** RECORDED DATA follows **
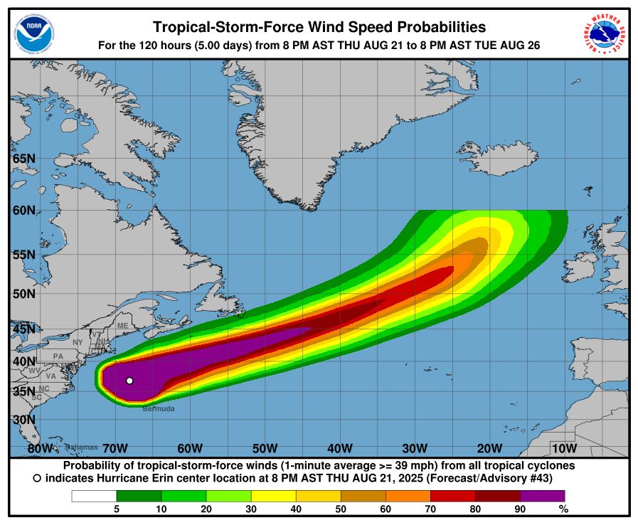 Am Wochenende zieht der Ex-Wirbelsturm "Erin" über den Atlantik und wandelt sich in ein normales Tiefdruckgebiet um:
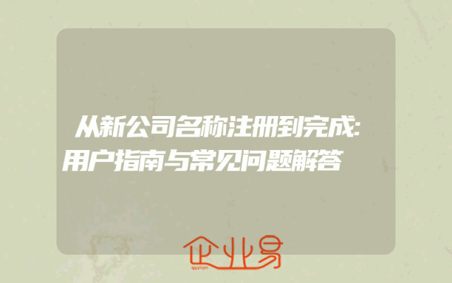 - 从新公司名称注册到完成:用户指南与常见问题解答
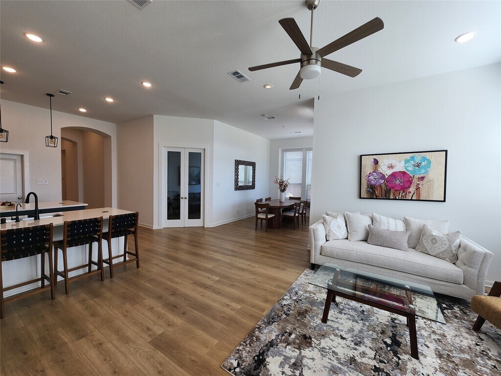 Beautiful 2024 Highland Home available for lease in the master-planned community of Elyson in Katy. This one-story home features 4 bedrooms and 4 full bathrooms. The open-concept living space features high ceilings and abundant natural light. For comfort and privacy,the home includes 3 private en-suite bathrooms,spacious living and dining areas,and a versatile flex room. The modern kitchen opens to the main living area,making it perfect for entertaining. Enjoy a covered patio that overlooks the greenbelt,providing added privacy and a peaceful outdoor setting. The home is zoned for the Katy Independent School District and is conveniently located near pools,parks,and walking trails. Home boasts a water softener system. MLS# 65465614
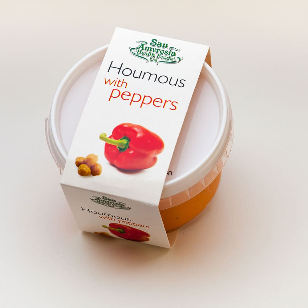 Chickpeas, Sunflower Oil, Sweet Peppers, TAHINI, Water, Fresh Lemon Juice, Sea Salt, Fresh Garlic, Natural Colour.
** End of RECORDED DATA **
EXERCISE DIRECTIONS:
Only the text of the listing above is copied, exactly as written; its pictures are dropped.

REPLY TO THE TASK:
 Am Wochenende zieht der Ex-Wirbelsturm "Erin" über den Atlantik und wandelt sich in ein normales Tiefdruckgebiet um:
 - 从新公司名称注册到完成:用户指南与常见问题解答
 Beautiful 2024 Highland Home available for lease in the master-planned community of Elyson in Katy. This one-story home features 4 bedrooms and 4 full bathrooms. The open-concept living space features high ceilings and abundant natural light. For comfort and privacy,the home includes 3 private en-suite bathrooms,spacious living and dining areas,and a versatile flex room. The modern kitchen opens to the main living area,making it perfect for entertaining. Enjoy a covered patio that overlooks the greenbelt,providing added privacy and a peaceful outdoor setting. The home is zoned for the Katy Independent School District and is conveniently located near pools,parks,and walking trails. Home boasts a water softener system. MLS# 65465614
 Chickpeas, Sunflower Oil, Sweet Peppers, TAHINI, Water, Fresh Lemon Juice, Sea Salt, Fresh Garlic, Natural Colour.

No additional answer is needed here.